Task goal – Using the data below, transcribe exactly everything from the line that contains "小学校卒業前の最後の製作かな" down to the line that contains "Small glazed ceramic". Include both of those lines and none of the pictures.
(Provided data Opens)
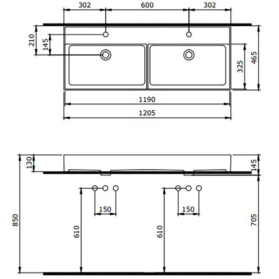 Bocchi Milano 120 cm Çift Gözlü Tezgah Üstü Lavabo Mat Petrol Mavisi
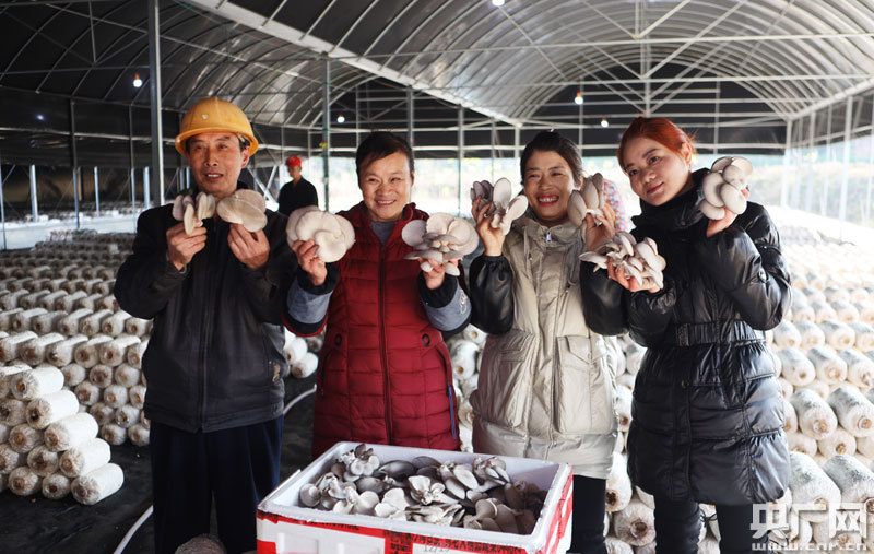 蘑菇致富車間工人在展示自產的蘑菇(央廣網發 通訊員供圖)
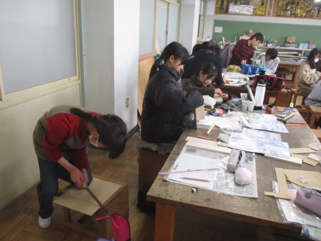 小学校卒業前の最後の製作かな。図工の学習では、木を切ったり、くぎやねじ、ボンドでくっつけたりして、ティッシュケースや小物入れ、棚を製作しています。
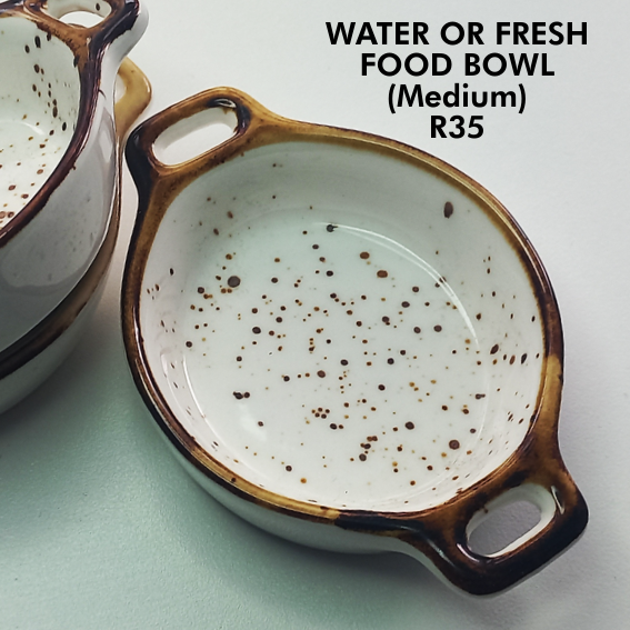 Small glazed ceramic bowls for suitable for water or fresh food.
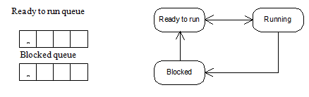 When a process is waiting for a device to complete we say that this is a I/O bound process. A process should not wait for an I/O operation to complete, but should relinquish control to another process.When a process requests access to a I/O device it is said to go into the blocked state. Consider the diagram below.
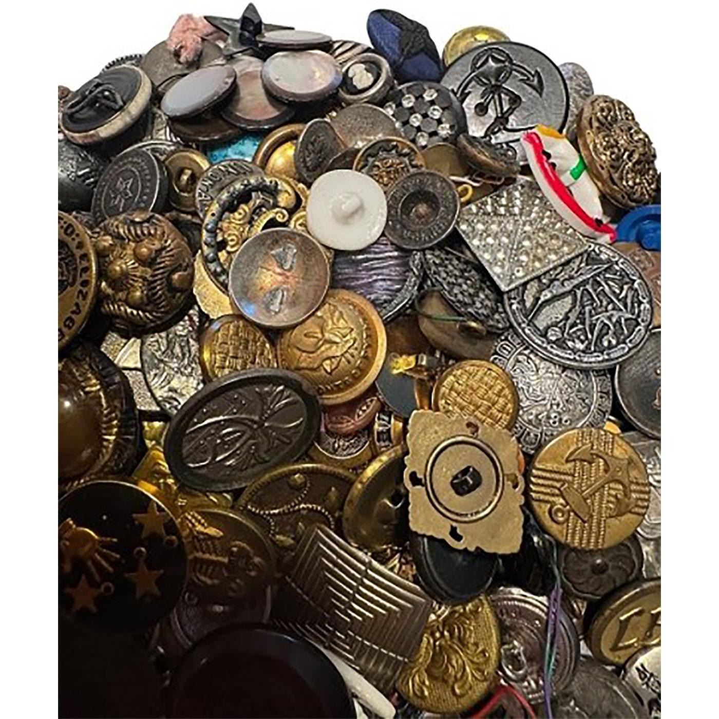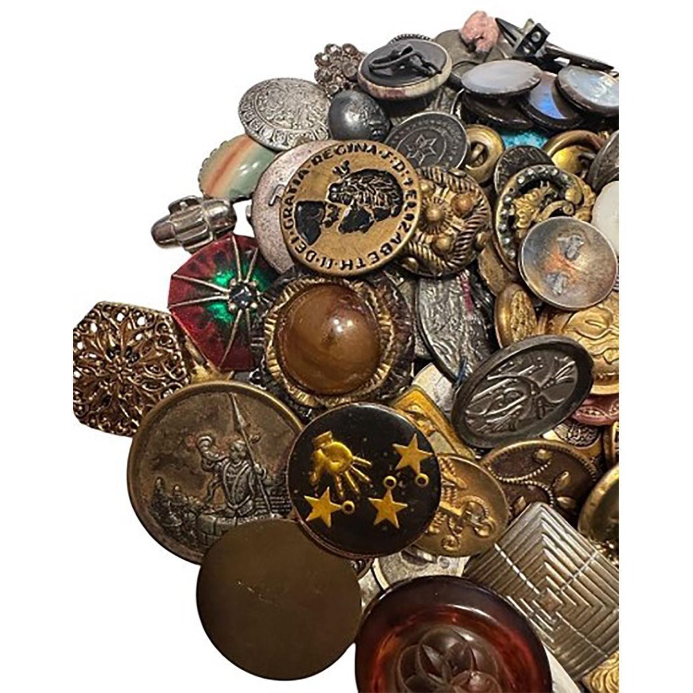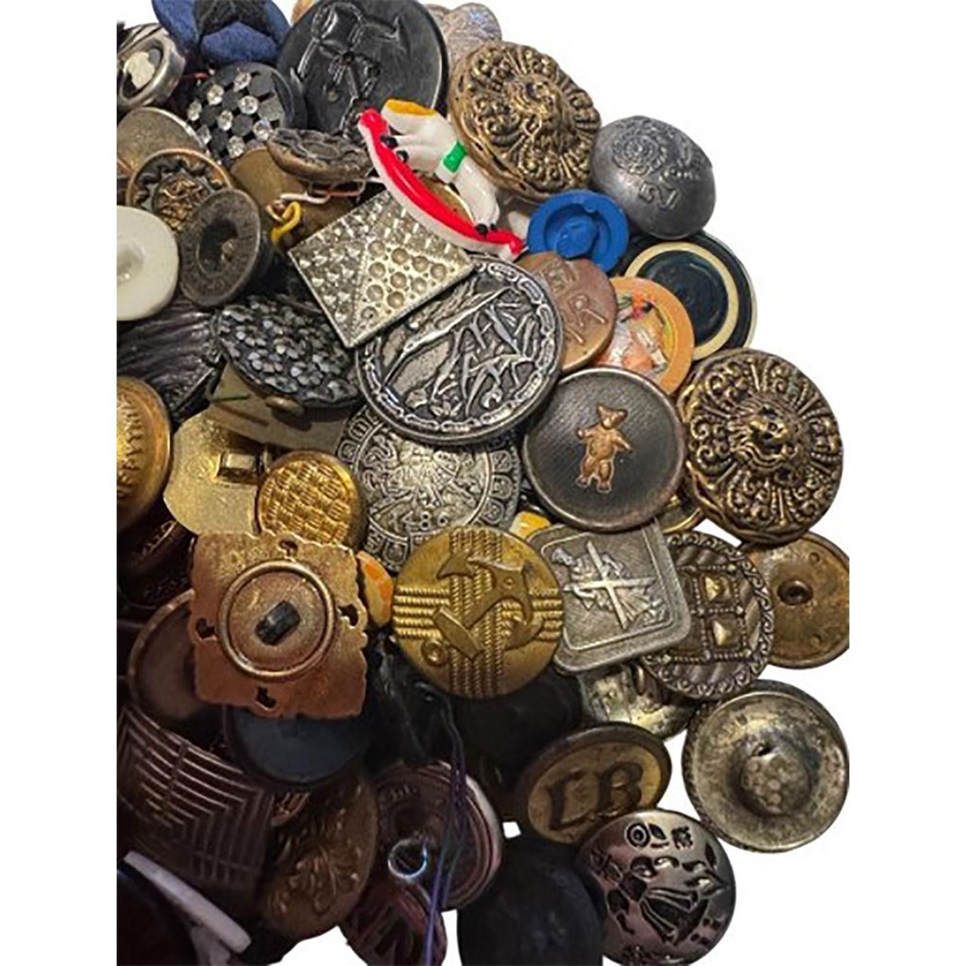 A multitude of assorted materials from the 19th & 20th centuries. This bag lot includes many pictorial metals along with plastics and other materials. Great variety.
(Provided data Closes)
Written answer –
 小学校卒業前の最後の製作かな。図工の学習では、木を切ったり、くぎやねじ、ボンドでくっつけたりして、ティッシュケースや小物入れ、棚を製作しています。
 Small glazed ceramic bowls for suitable for water or fresh food.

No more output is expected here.